Exercise instructions. Produce a verbatim copy of the records, and keep the images out of it.

○ ○ ○ ○

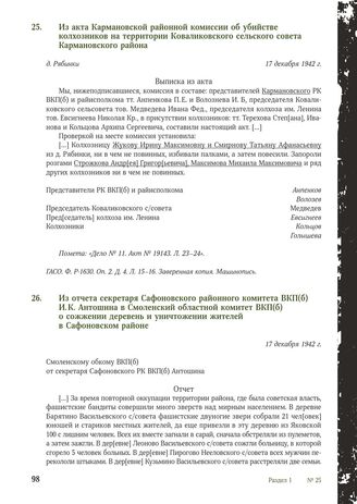 Из акта Кармановской районной комиссии об убийстве колхозников на территории Коваликовского сельского совета Кармановского района. Д. Рябинки, 17 декабря 1942 г. // ГАСО. Ф. Р-1630. Оп. 2. Д. 4. Л. 15-16. Заверенная копия. Машинопись.
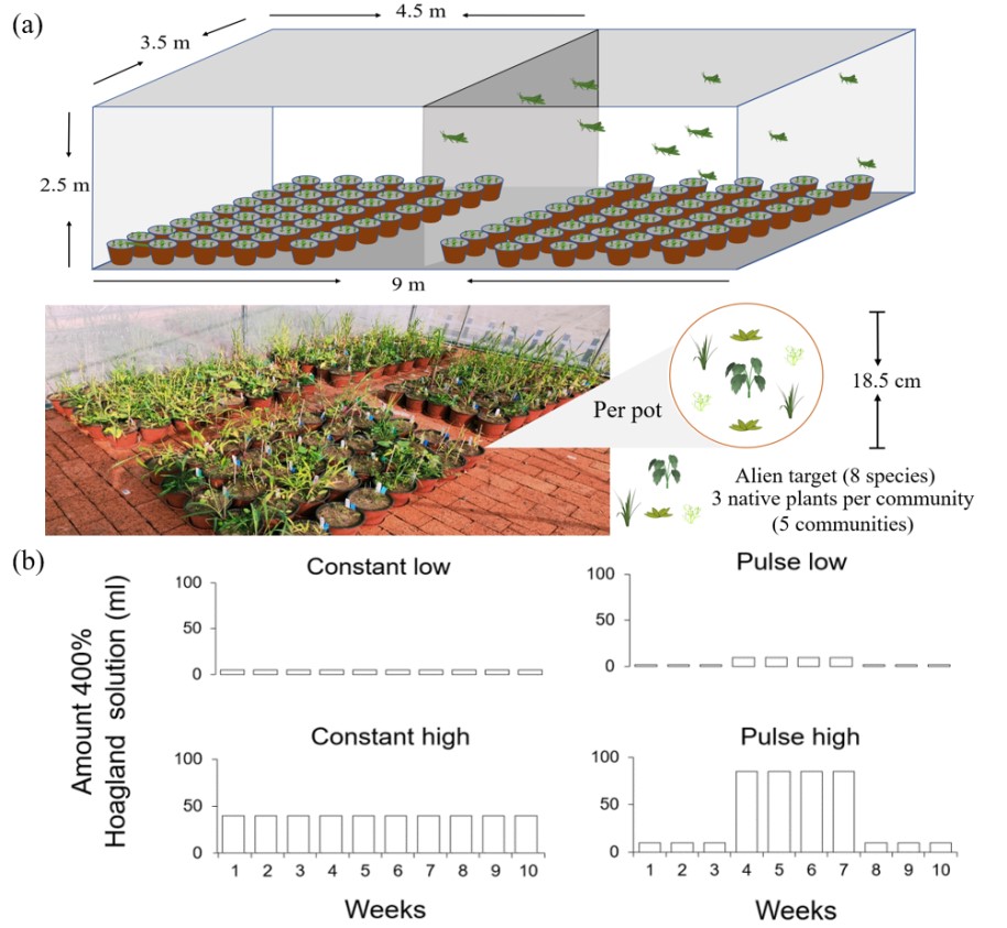 圖一:實(shí)驗(yàn)設(shè)計(jì)圖解。實(shí)驗(yàn)處理示意圖、實(shí)驗(yàn)期間的蟲(chóng)食處理室照片、外來(lái)植物和本地植物在花盆內(nèi)的位置(a);不同養(yǎng)分處理對(duì)應(yīng)的營(yíng)養(yǎng)液供給量(b)。在低養(yǎng)分水平和高養(yǎng)分水平處理下,恒定的養(yǎng)分添加與脈沖式養(yǎng)分添加在整個(gè)生長(zhǎng)季獲得的養(yǎng)分總量相同。
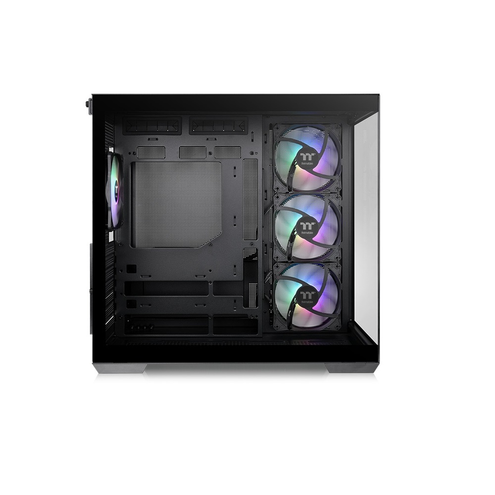 The The View 380 TG ARGB Mid Tower Chassis is a dual chamber ATX chassis that supports Hidden-Connector Motherboards from ASUS, MSI and GIGABYTE and comes with four Hydraulic Bearing 120mm ARGB Lite Fans. Its RGB lighting can be controlled by motherboard software from ASUS, GIGABYTE, MSI, and ASRock. Moreover, up to ten 120mm fans can be installed in the chassis, and up to one 360mm radiator can be placed on the top and one 280mm/240mm radiator at the right, giving end-users more flexibility to build their ideal configuration.
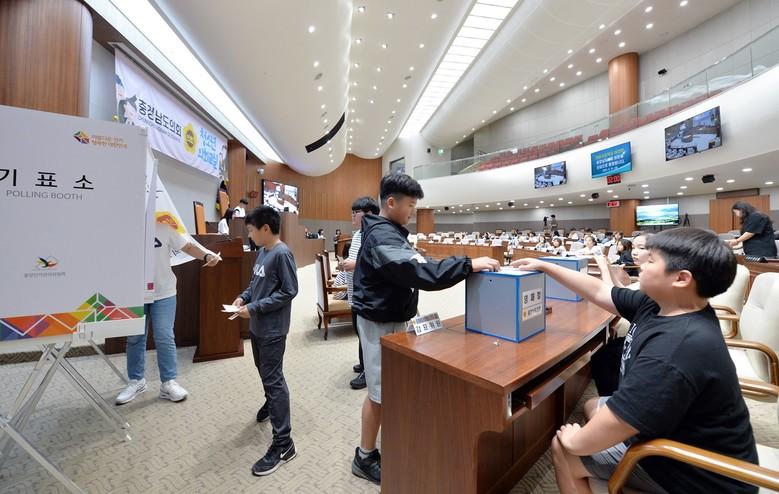 이날 학생들은 ‘책 읽기를 생활화하자’, ‘강아지를 유기하지 말자’는 내용으로 2분 발언을 진행하고, ‘교내 휴대전화 사용에 관한 조례안’과 ‘등교 시간을 늦추는 것에 관한 조례안’ 2건을 발의했다. 이들은 조례안 처리 과정에서 찬·반 토론을 통해 의견을 개진하고, 도민들을 위한 정책이 만들어지는 과정을 배웠다.
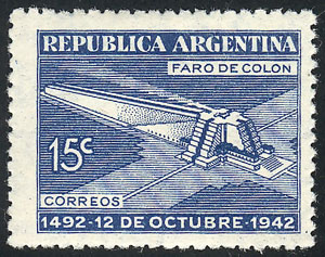 15c. Discovery of America 450 years, round sun wmk, VF quality (Image)
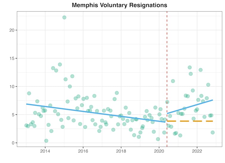 We monitor police staffing levels in several agencies across the U.S. In one large, Western police department, we found that in the seven months following the Floyd protests, voluntary resignations of sworn officers were nearly three times (279%) higher than baseline expectations.
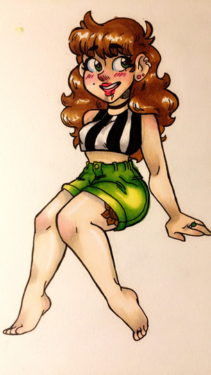 #curvy #curvygirl #cute #cutegirl #freckles #originalcharacter #pen #purpleeyes #redhairedgirl #redhead #traditional #traditionalart #traditionaldrawing #wavyhair #wavyhairedgirl #widehips #thickthighs #frecklesgirl #thickandcurvy
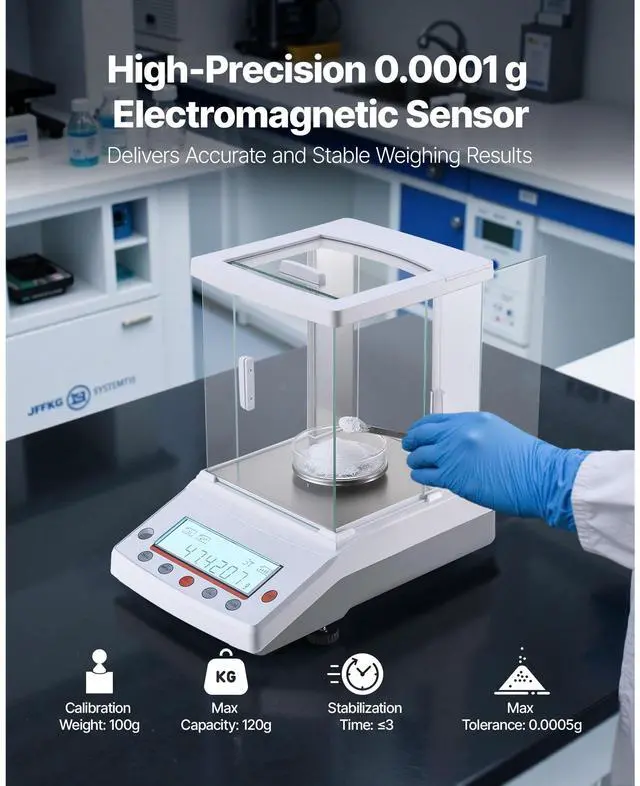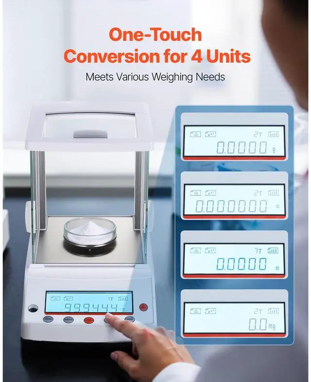VEVOR Analytical Balance, 220 g x 0.1 mg, 0.0001 g High Precision Accuracy Lab Scale, g/oz/ct/mg 4 Units Electronic Digital Analytical Balance with Glass Draft Shield, for Laboratory Jewelry Pharmacy
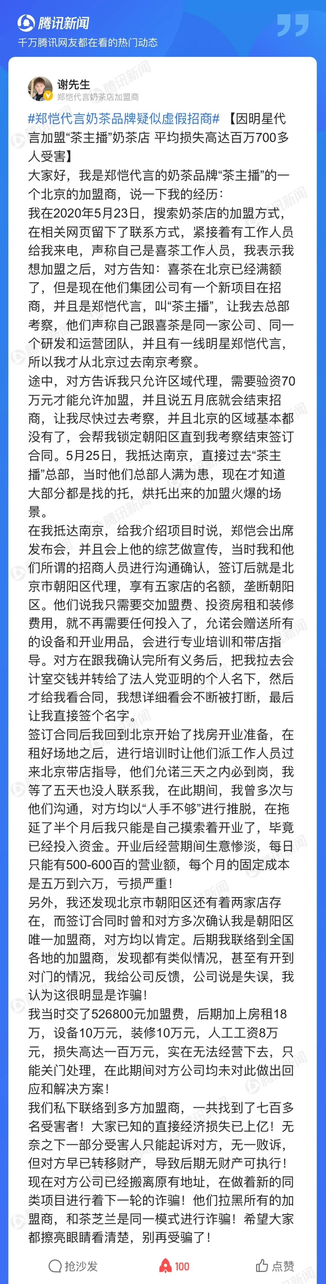 2020年5月25日,该网友抵达“茶主播”南京总部。考察过程中,对方表示郑恺会出席发布会而且会在相关综艺节目中为该品牌做宣传。
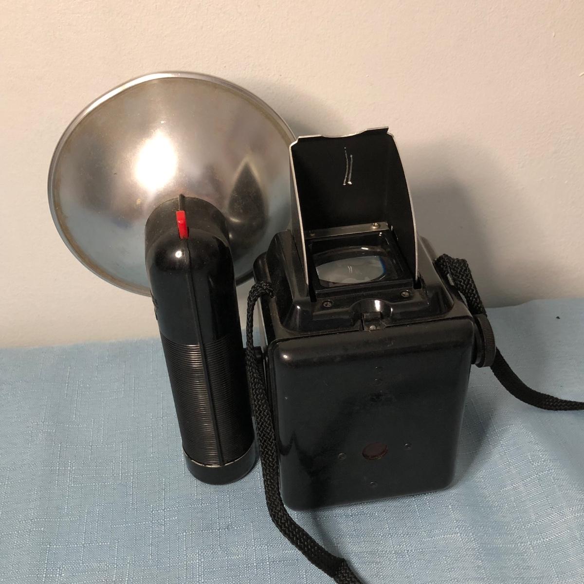 Also includes LIFE Photography Guide, Promaster FT1700 Automatic Flash, a tripod, and a Kodaslide Projector Model 2. The wire on the projector is in bad shape.
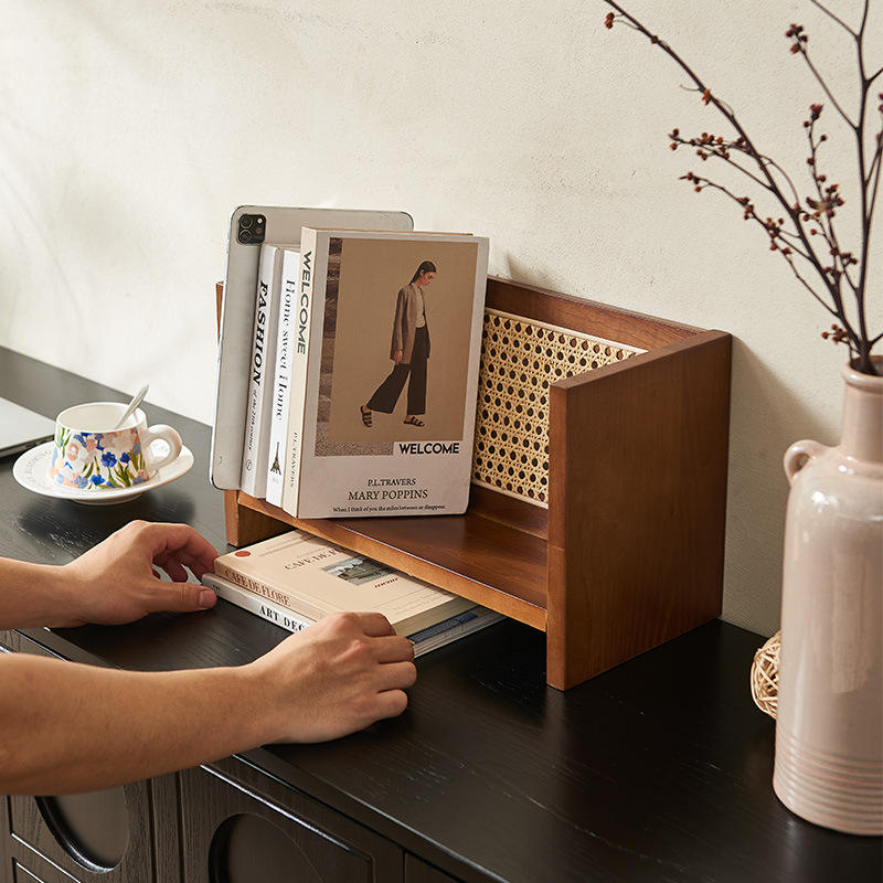Wooden Rattan Book Shelf
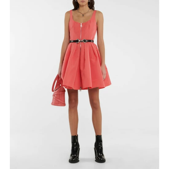 This polyfaille minidress from Alexander McQueen is prepped for party season. It has a low back, a flared box-pleated skirt and a two-way front zipper that subtly references the brand’s punk heritage.

○ ○ ○ ○

Exercise solution.
 Из акта Кармановской районной комиссии об убийстве колхозников на территории Коваликовского сельского совета Кармановского района. Д. Рябинки, 17 декабря 1942 г. // ГАСО. Ф. Р-1630. Оп. 2. Д. 4. Л. 15-16. Заверенная копия. Машинопись.
 圖一:實(shí)驗(yàn)設(shè)計(jì)圖解。實(shí)驗(yàn)處理示意圖、實(shí)驗(yàn)期間的蟲(chóng)食處理室照片、外來(lái)植物和本地植物在花盆內(nèi)的位置(a);不同養(yǎng)分處理對(duì)應(yīng)的營(yíng)養(yǎng)液供給量(b)。在低養(yǎng)分水平和高養(yǎng)分水平處理下,恒定的養(yǎng)分添加與脈沖式養(yǎng)分添加在整個(gè)生長(zhǎng)季獲得的養(yǎng)分總量相同。
 The The View 380 TG ARGB Mid Tower Chassis is a dual chamber ATX chassis that supports Hidden-Connector Motherboards from ASUS, MSI and GIGABYTE and comes with four Hydraulic Bearing 120mm ARGB Lite Fans. Its RGB lighting can be controlled by motherboard software from ASUS, GIGABYTE, MSI, and ASRock. Moreover, up to ten 120mm fans can be installed in the chassis, and up to one 360mm radiator can be placed on the top and one 280mm/240mm radiator at the right, giving end-users more flexibility to build their ideal configuration.
 이날 학생들은 ‘책 읽기를 생활화하자’, ‘강아지를 유기하지 말자’는 내용으로 2분 발언을 진행하고, ‘교내 휴대전화 사용에 관한 조례안’과 ‘등교 시간을 늦추는 것에 관한 조례안’ 2건을 발의했다. 이들은 조례안 처리 과정에서 찬·반 토론을 통해 의견을 개진하고, 도민들을 위한 정책이 만들어지는 과정을 배웠다.
 15c. Discovery of America 450 years, round sun wmk, VF quality (Image)
 We monitor police staffing levels in several agencies across the U.S. In one large, Western police department, we found that in the seven months following the Floyd protests, voluntary resignations of sworn officers were nearly three times (279%) higher than baseline expectations.
 #curvy #curvygirl #cute #cutegirl #freckles #originalcharacter #pen #purpleeyes #redhairedgirl #redhead #traditional #traditionalart #traditionaldrawing #wavyhair #wavyhairedgirl #widehips #thickthighs #frecklesgirl #thickandcurvy
VEVOR Analytical Balance, 220 g x 0.1 mg, 0.0001 g High Precision Accuracy Lab Scale, g/oz/ct/mg 4 Units Electronic Digital Analytical Balance with Glass Draft Shield, for Laboratory Jewelry Pharmacy
 2020年5月25日,该网友抵达“茶主播”南京总部。考察过程中,对方表示郑恺会出席发布会而且会在相关综艺节目中为该品牌做宣传。
 Also includes LIFE Photography Guide, Promaster FT1700 Automatic Flash, a tripod, and a Kodaslide Projector Model 2. The wire on the projector is in bad shape.
Wooden Rattan Book Shelf
 This polyfaille minidress from Alexander McQueen is prepped for party season. It has a low back, a flared box-pleated skirt and a two-way front zipper that subtly references the brand’s punk heritage.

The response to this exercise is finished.